**The task**
When you repeat the entries, reproduce each line exactly and omit every picture.
### Data section
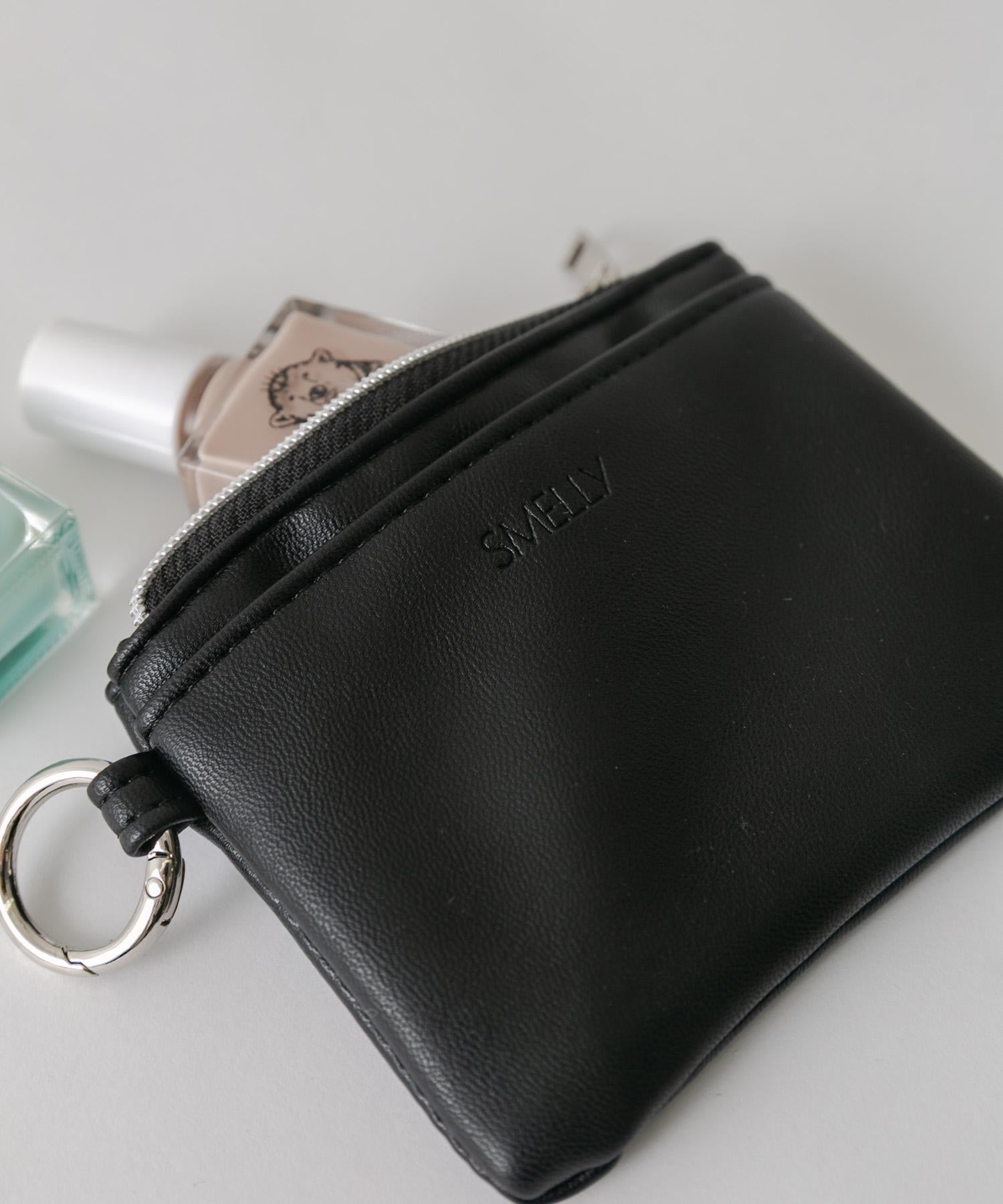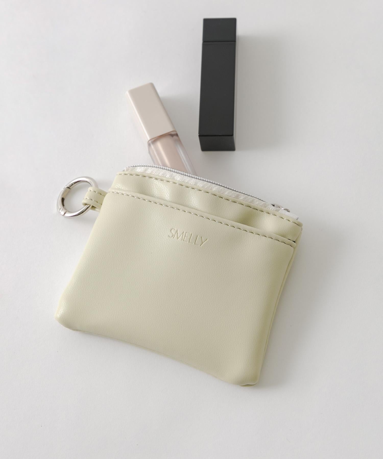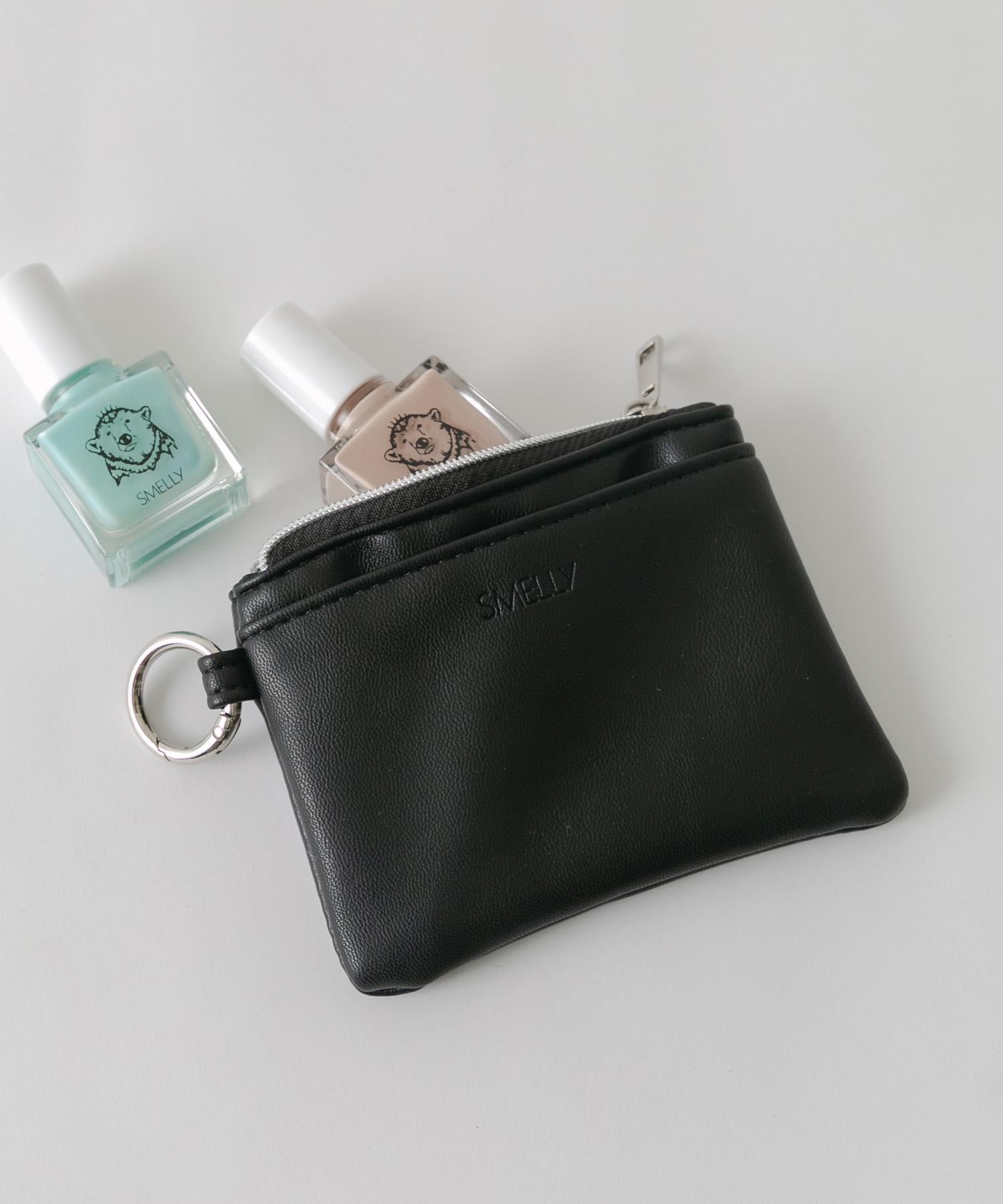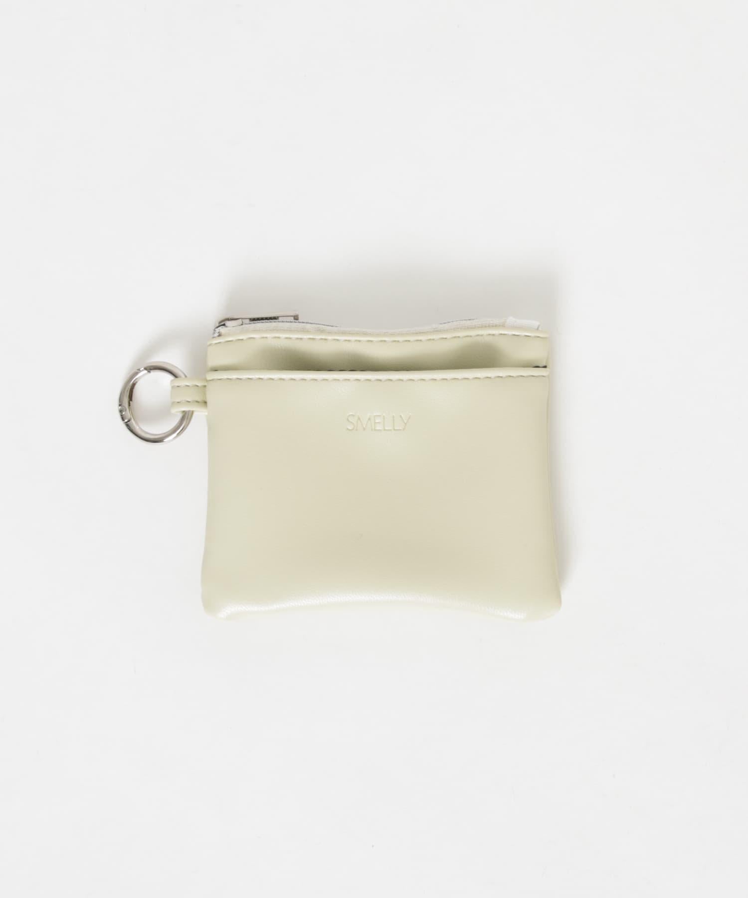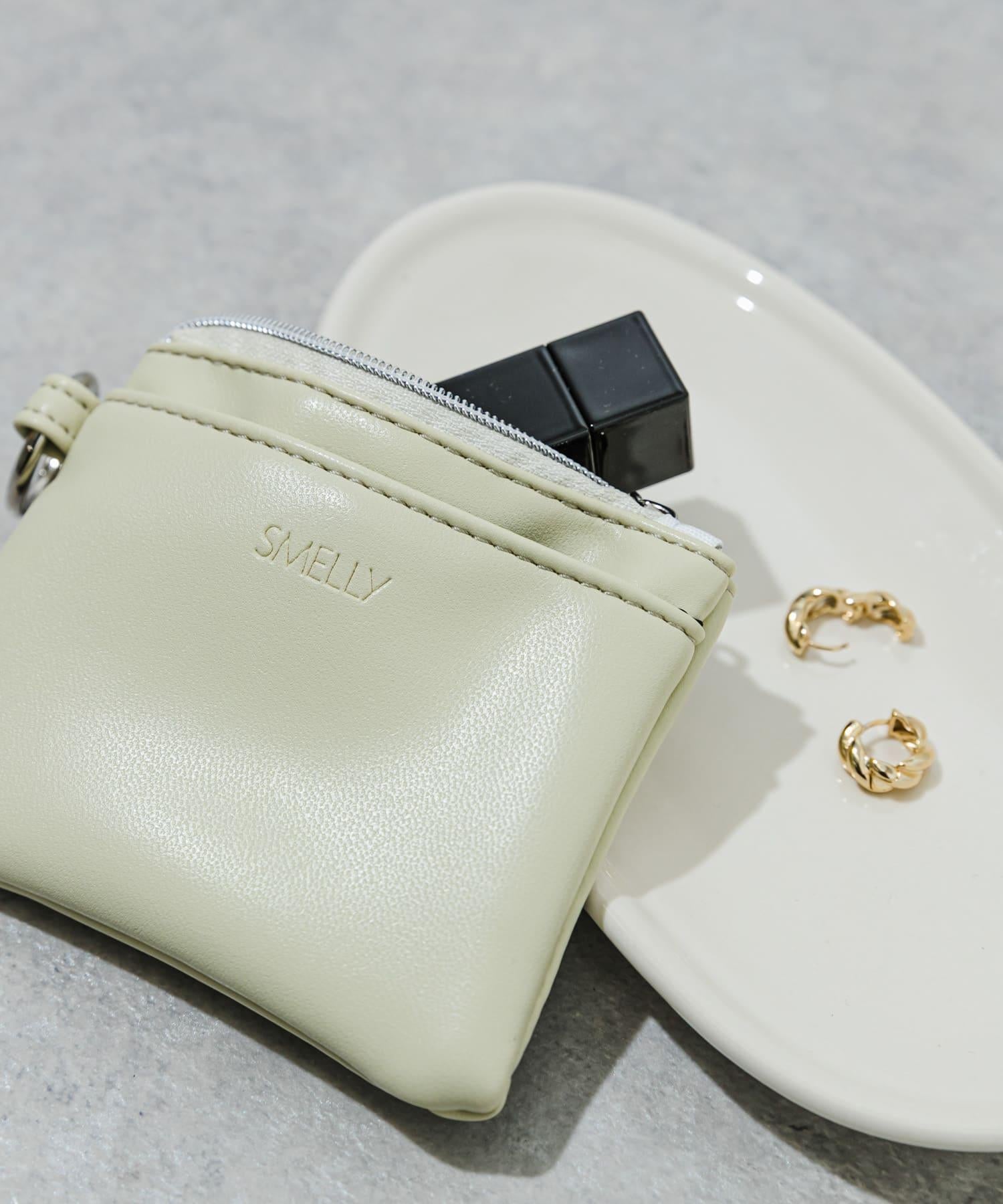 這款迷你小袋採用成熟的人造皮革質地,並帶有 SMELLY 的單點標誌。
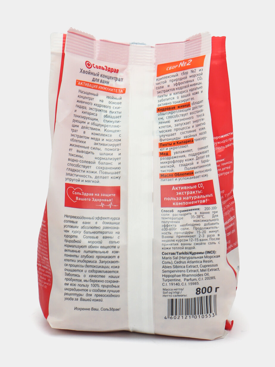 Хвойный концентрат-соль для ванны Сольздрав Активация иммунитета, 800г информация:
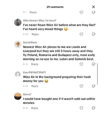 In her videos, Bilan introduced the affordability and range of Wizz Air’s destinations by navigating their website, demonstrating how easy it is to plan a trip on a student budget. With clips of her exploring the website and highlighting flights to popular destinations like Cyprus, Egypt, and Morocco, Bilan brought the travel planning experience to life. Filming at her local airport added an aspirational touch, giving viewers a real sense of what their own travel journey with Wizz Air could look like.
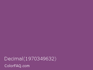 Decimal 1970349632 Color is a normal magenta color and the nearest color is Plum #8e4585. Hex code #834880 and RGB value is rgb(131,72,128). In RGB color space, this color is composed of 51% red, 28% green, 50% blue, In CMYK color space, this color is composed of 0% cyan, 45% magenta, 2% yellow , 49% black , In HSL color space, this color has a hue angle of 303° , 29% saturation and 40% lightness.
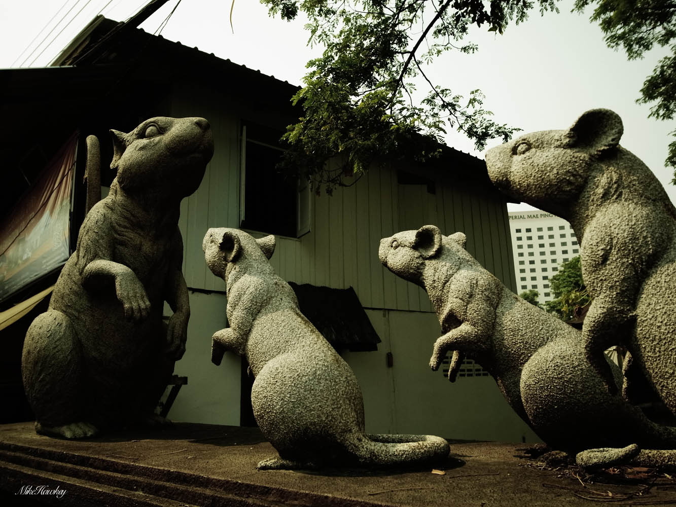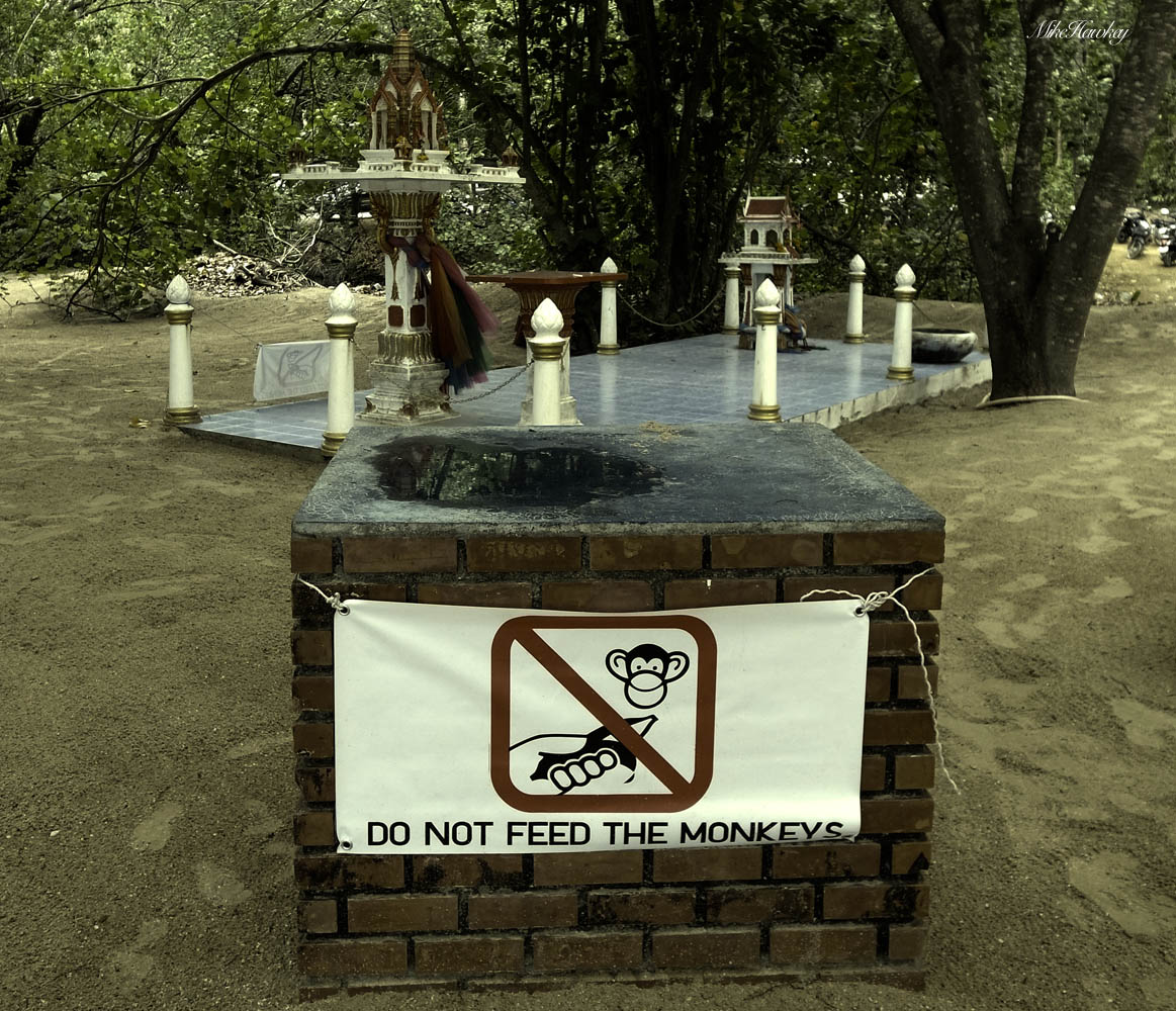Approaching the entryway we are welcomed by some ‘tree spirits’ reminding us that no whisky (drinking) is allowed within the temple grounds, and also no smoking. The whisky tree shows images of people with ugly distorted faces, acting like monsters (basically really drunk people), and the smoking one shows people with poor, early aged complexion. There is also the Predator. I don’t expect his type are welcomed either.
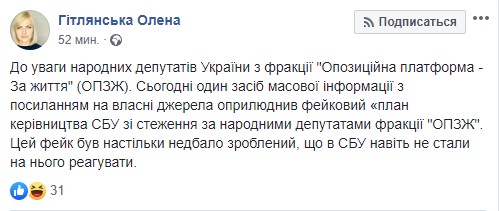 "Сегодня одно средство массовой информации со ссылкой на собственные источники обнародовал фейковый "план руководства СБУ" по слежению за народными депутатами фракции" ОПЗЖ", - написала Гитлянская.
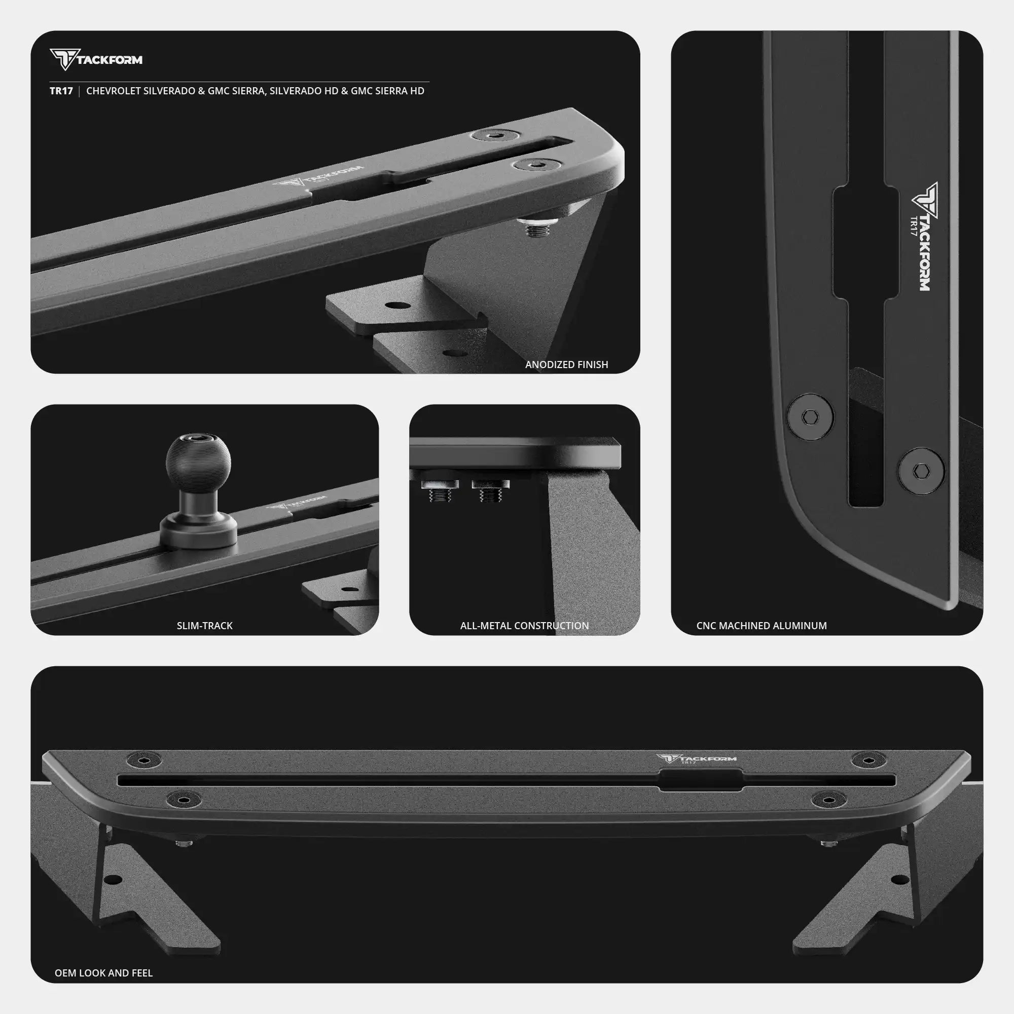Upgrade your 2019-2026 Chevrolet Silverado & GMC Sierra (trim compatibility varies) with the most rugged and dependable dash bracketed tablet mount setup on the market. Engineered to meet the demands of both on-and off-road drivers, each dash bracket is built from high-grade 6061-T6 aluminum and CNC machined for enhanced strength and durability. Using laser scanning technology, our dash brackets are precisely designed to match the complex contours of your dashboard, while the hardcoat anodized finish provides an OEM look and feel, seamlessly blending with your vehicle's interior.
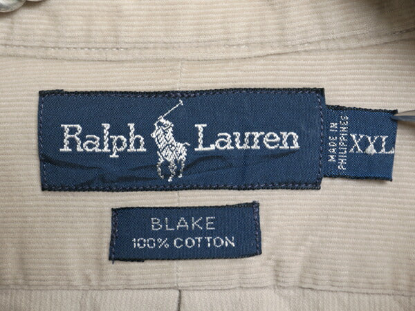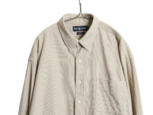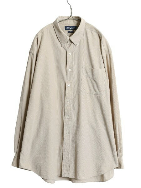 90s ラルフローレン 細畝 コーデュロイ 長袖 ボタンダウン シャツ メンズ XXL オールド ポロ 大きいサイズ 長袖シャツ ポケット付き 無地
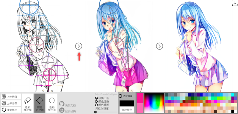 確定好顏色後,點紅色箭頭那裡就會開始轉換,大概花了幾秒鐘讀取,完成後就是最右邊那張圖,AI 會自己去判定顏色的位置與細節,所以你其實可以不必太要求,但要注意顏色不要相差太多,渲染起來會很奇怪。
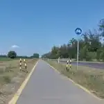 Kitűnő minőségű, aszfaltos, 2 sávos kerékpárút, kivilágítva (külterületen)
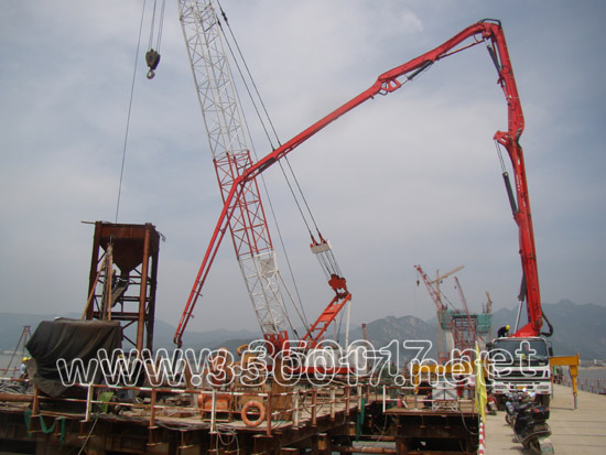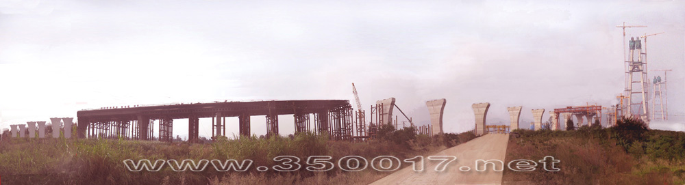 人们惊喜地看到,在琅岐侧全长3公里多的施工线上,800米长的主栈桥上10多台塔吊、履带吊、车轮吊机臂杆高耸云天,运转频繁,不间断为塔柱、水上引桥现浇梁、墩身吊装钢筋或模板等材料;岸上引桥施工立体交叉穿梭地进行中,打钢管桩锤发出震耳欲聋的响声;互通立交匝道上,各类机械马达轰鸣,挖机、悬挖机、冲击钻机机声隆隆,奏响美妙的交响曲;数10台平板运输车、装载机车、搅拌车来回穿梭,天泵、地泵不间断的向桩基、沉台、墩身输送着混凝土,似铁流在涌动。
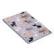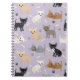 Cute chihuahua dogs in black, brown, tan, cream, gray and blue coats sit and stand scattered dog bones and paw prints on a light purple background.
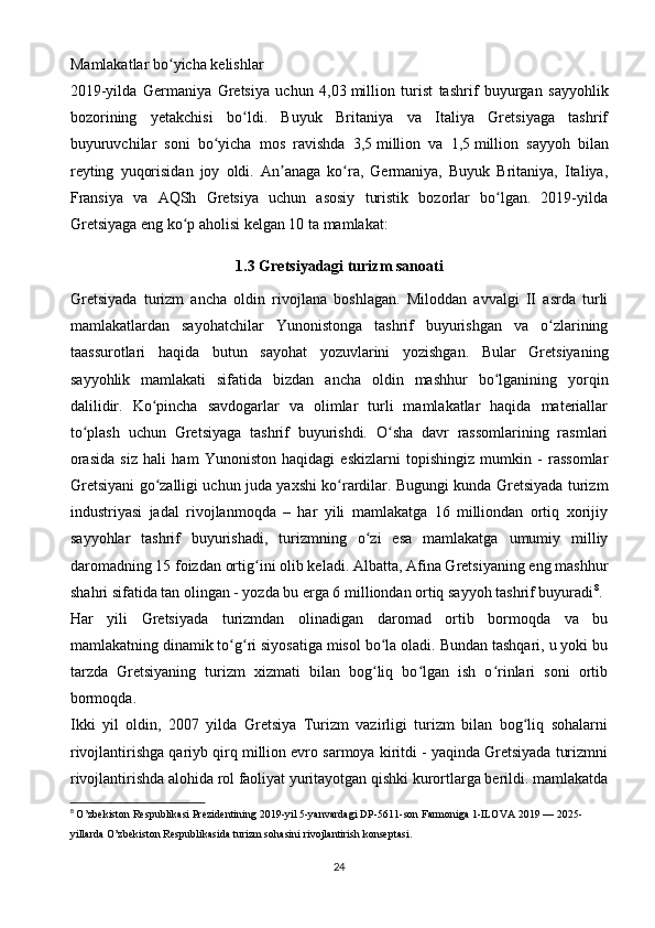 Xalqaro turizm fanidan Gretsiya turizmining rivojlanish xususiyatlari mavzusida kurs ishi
######
**Your solution**
 這款迷你小袋採用成熟的人造皮革質地,並帶有 SMELLY 的單點標誌。
 Хвойный концентрат-соль для ванны Сольздрав Активация иммунитета, 800г информация:
 In her videos, Bilan introduced the affordability and range of Wizz Air’s destinations by navigating their website, demonstrating how easy it is to plan a trip on a student budget. With clips of her exploring the website and highlighting flights to popular destinations like Cyprus, Egypt, and Morocco, Bilan brought the travel planning experience to life. Filming at her local airport added an aspirational touch, giving viewers a real sense of what their own travel journey with Wizz Air could look like.
 Decimal 1970349632 Color is a normal magenta color and the nearest color is Plum #8e4585. Hex code #834880 and RGB value is rgb(131,72,128). In RGB color space, this color is composed of 51% red, 28% green, 50% blue, In CMYK color space, this color is composed of 0% cyan, 45% magenta, 2% yellow , 49% black , In HSL color space, this color has a hue angle of 303° , 29% saturation and 40% lightness.
Approaching the entryway we are welcomed by some ‘tree spirits’ reminding us that no whisky (drinking) is allowed within the temple grounds, and also no smoking. The whisky tree shows images of people with ugly distorted faces, acting like monsters (basically really drunk people), and the smoking one shows people with poor, early aged complexion. There is also the Predator. I don’t expect his type are welcomed either.
 "Сегодня одно средство массовой информации со ссылкой на собственные источники обнародовал фейковый "план руководства СБУ" по слежению за народными депутатами фракции" ОПЗЖ", - написала Гитлянская.
Upgrade your 2019-2026 Chevrolet Silverado & GMC Sierra (trim compatibility varies) with the most rugged and dependable dash bracketed tablet mount setup on the market. Engineered to meet the demands of both on-and off-road drivers, each dash bracket is built from high-grade 6061-T6 aluminum and CNC machined for enhanced strength and durability. Using laser scanning technology, our dash brackets are precisely designed to match the complex contours of your dashboard, while the hardcoat anodized finish provides an OEM look and feel, seamlessly blending with your vehicle's interior.
 90s ラルフローレン 細畝 コーデュロイ 長袖 ボタンダウン シャツ メンズ XXL オールド ポロ 大きいサイズ 長袖シャツ ポケット付き 無地
 確定好顏色後,點紅色箭頭那裡就會開始轉換,大概花了幾秒鐘讀取,完成後就是最右邊那張圖,AI 會自己去判定顏色的位置與細節,所以你其實可以不必太要求,但要注意顏色不要相差太多,渲染起來會很奇怪。
 Kitűnő minőségű, aszfaltos, 2 sávos kerékpárút, kivilágítva (külterületen)
 人们惊喜地看到,在琅岐侧全长3公里多的施工线上,800米长的主栈桥上10多台塔吊、履带吊、车轮吊机臂杆高耸云天,运转频繁,不间断为塔柱、水上引桥现浇梁、墩身吊装钢筋或模板等材料;岸上引桥施工立体交叉穿梭地进行中,打钢管桩锤发出震耳欲聋的响声;互通立交匝道上,各类机械马达轰鸣,挖机、悬挖机、冲击钻机机声隆隆,奏响美妙的交响曲;数10台平板运输车、装载机车、搅拌车来回穿梭,天泵、地泵不间断的向桩基、沉台、墩身输送着混凝土,似铁流在涌动。
 Cute chihuahua dogs in black, brown, tan, cream, gray and blue coats sit and stand scattered dog bones and paw prints on a light purple background.
 Xalqaro turizm fanidan Gretsiya turizmining rivojlanish xususiyatlari mavzusida kurs ishi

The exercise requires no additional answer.